Baca juga: Hasil Investigasi Kominfo dan Update soal Dugaan Kebocoran Data BPJS Kesehatan

Juru Bicara Kementerian Kominfo Dedy Permadi mengatakan, pemblokiran ini dilakukan karena forum online tersebut banyak menyebar konten yang melanggar undang-undang di Indonesia.

Sebab menurut Yerry, file atau hasil kebocoron data itu masih bisa disimpan di ribuan lokasi lain.

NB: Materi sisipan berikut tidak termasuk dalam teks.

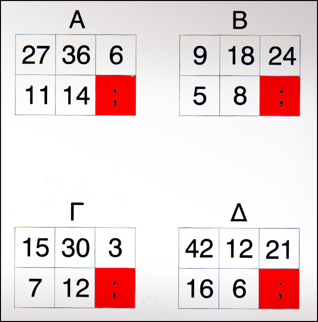 Α = 4, Β = 10, Γ = 3, Δ = 9

Dapatkan informasi, inspirasi dan insight di email kamu.

Daftarkan email

Diketahui, ada dugaan kebocoran data 279 juta data penduduk yang diyakini bersumber dari data Badan Penyelenggara Jaminan Sosial (BPJS) Kesehatan.

KOMPAS.com - Kementerian Komunikasi dan Informatika (Kominfo) telah memblokir situs Raid Forums usai adanya kasus kebocoran data penduduk Indonesia.

"Ini bisa dianggap kebijakan darurat, untuk jangka yang sangat pendek. Namun untuk seterusnya, saya kira ini tidak akan efektif," kata Yerry saat dihubungi Kompas.com, Minggu (23/5/2021).

Menanggapi hal itu, pemerhati keamanan siber sekaligus staf Engagement and Learning Specialist di Engage Media, Yerry Niko Borang mengatakan, pemblokiran tersebut hanya bisa digunakan sebagai kebijakan jangka sangat pendek.